→ What you are asked to do:
Could you transcribe exactly the lines below, from the line with "Beliau berkata, suspek" through the line with "SKM 9.5″ Fancy", and nothing else, leaving out the pictures?

→ Dataset records:
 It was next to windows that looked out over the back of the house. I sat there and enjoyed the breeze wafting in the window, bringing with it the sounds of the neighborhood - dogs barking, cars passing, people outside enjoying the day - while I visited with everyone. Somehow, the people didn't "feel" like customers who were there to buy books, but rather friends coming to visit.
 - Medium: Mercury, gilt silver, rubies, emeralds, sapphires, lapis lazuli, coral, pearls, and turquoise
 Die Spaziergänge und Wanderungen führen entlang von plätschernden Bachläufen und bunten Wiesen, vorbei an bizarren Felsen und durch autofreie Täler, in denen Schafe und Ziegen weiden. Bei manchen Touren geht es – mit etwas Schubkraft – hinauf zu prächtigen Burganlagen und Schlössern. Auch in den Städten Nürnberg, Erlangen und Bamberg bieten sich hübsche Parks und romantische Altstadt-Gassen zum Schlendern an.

==

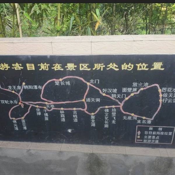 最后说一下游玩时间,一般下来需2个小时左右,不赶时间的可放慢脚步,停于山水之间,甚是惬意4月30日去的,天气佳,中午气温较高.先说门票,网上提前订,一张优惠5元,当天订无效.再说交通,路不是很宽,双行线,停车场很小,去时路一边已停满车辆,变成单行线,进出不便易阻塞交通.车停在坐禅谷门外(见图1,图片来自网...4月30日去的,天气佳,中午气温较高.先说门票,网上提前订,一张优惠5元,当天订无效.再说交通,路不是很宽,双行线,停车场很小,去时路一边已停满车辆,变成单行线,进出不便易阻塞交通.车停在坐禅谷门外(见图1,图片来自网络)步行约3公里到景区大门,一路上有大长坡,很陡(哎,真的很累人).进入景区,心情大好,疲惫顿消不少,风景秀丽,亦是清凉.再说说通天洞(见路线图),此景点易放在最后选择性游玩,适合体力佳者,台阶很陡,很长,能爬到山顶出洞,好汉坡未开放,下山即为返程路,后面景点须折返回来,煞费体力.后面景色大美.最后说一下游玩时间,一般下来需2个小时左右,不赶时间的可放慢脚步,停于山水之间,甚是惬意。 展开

--

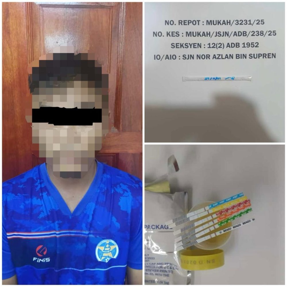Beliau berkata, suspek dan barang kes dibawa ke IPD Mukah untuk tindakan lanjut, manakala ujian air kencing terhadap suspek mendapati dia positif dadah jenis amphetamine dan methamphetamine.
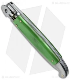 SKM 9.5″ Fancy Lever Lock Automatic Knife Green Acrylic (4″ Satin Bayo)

→ The answer:
Beliau berkata, suspek dan barang kes dibawa ke IPD Mukah untuk tindakan lanjut, manakala ujian air kencing terhadap suspek mendapati dia positif dadah jenis amphetamine dan methamphetamine.
 SKM 9.5″ Fancy Lever Lock Automatic Knife Green Acrylic (4″ Satin Bayo)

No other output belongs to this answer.